What the task asks: Copy nothing but the lines below, from the one with "We aren’t finished" through the one with "2025年大连装备制造职业技", exactly as written; no pictures should appear.

Data segment:
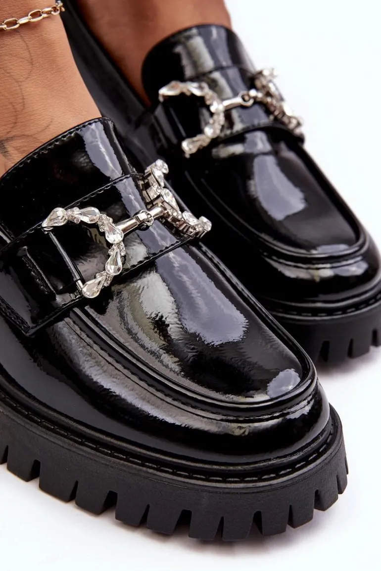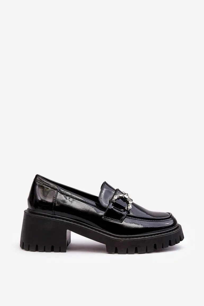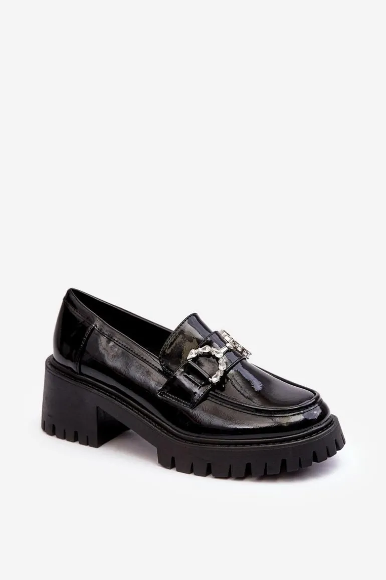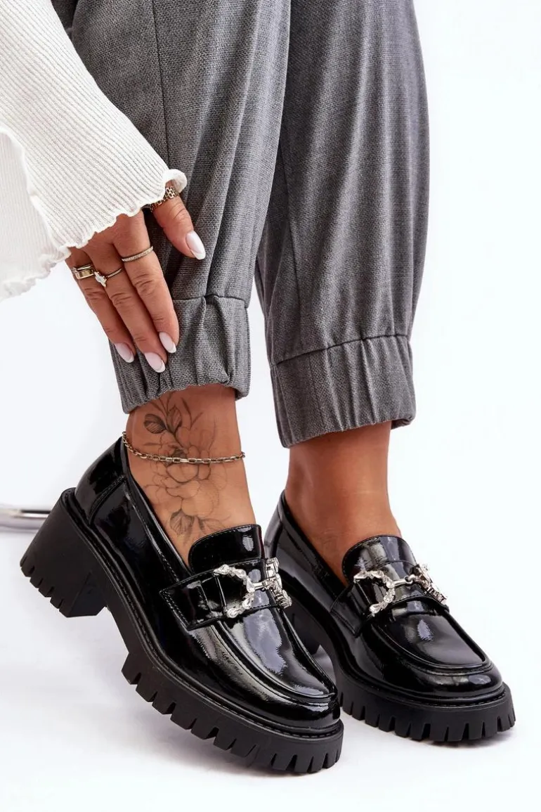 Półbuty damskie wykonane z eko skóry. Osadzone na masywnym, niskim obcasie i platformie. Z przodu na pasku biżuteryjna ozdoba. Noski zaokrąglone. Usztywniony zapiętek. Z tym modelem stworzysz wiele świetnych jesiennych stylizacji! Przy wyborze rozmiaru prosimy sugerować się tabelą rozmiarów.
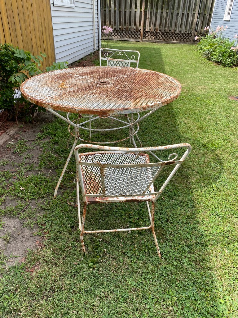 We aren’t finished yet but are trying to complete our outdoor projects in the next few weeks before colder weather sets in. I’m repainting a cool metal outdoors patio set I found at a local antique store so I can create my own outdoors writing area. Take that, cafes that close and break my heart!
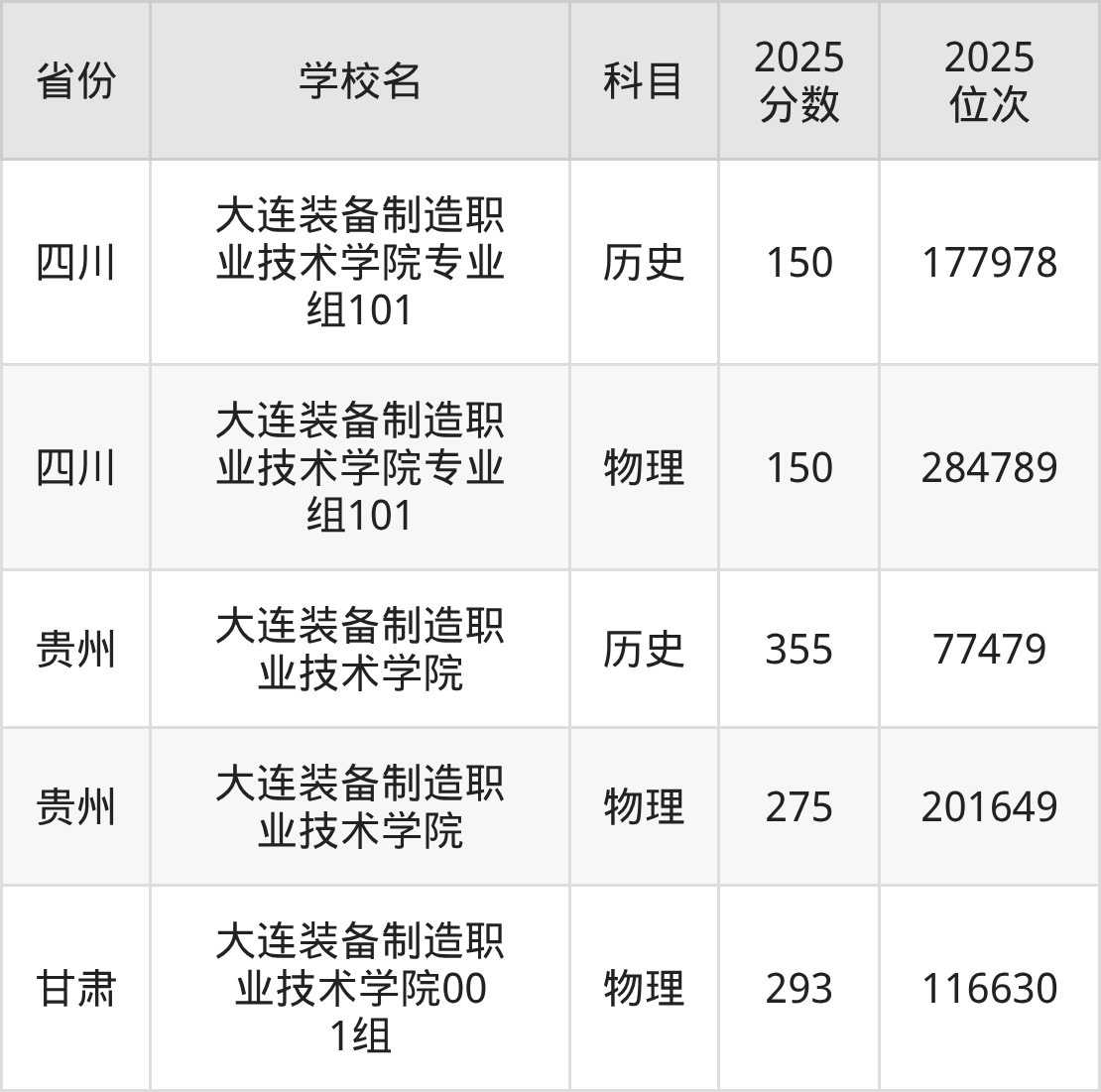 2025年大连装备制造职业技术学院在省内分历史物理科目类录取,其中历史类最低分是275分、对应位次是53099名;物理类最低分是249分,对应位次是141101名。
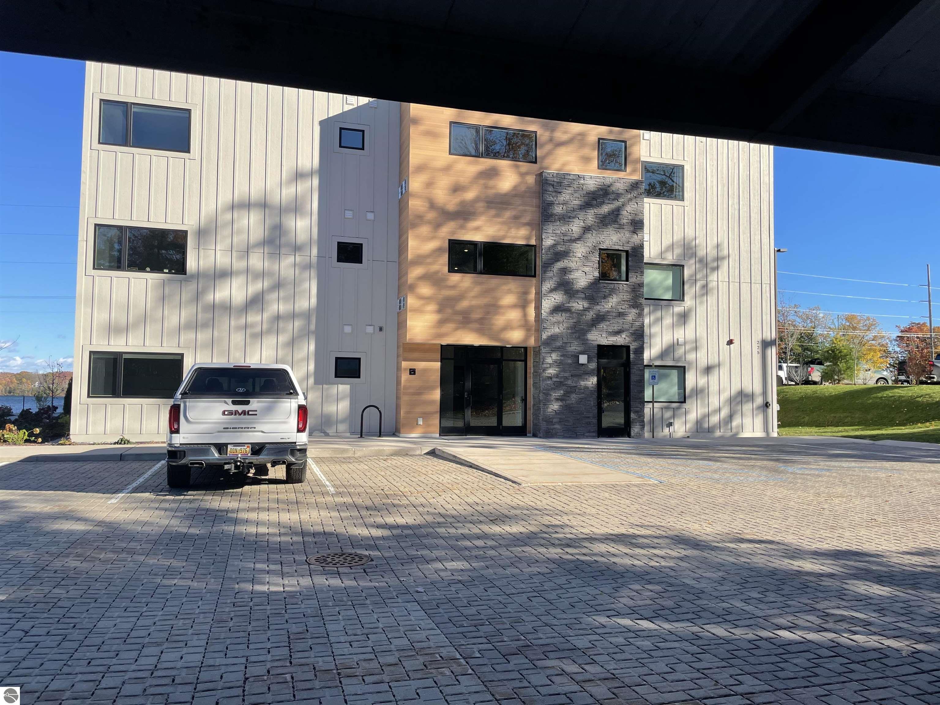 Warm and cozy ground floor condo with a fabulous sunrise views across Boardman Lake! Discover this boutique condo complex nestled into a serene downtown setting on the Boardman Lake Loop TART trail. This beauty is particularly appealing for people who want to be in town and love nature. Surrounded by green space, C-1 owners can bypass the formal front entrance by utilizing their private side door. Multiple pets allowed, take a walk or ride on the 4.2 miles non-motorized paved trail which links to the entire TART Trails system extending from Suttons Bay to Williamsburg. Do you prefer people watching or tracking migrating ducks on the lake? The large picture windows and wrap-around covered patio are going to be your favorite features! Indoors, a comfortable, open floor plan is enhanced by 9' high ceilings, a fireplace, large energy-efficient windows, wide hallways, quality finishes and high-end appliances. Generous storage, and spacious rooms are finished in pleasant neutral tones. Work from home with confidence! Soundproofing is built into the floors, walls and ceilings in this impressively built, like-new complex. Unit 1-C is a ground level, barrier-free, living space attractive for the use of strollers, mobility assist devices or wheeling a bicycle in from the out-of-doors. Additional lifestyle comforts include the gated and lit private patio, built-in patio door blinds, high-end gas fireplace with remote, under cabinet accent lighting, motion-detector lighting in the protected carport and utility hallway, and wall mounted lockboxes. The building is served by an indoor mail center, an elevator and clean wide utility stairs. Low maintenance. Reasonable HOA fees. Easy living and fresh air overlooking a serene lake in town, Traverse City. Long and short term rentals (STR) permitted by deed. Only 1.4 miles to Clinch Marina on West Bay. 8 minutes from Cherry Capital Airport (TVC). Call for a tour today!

Reply to the exercise:
 We aren’t finished yet but are trying to complete our outdoor projects in the next few weeks before colder weather sets in. I’m repainting a cool metal outdoors patio set I found at a local antique store so I can create my own outdoors writing area. Take that, cafes that close and break my heart!
 2025年大连装备制造职业技术学院在省内分历史物理科目类录取,其中历史类最低分是275分、对应位次是53099名;物理类最低分是249分,对应位次是141101名。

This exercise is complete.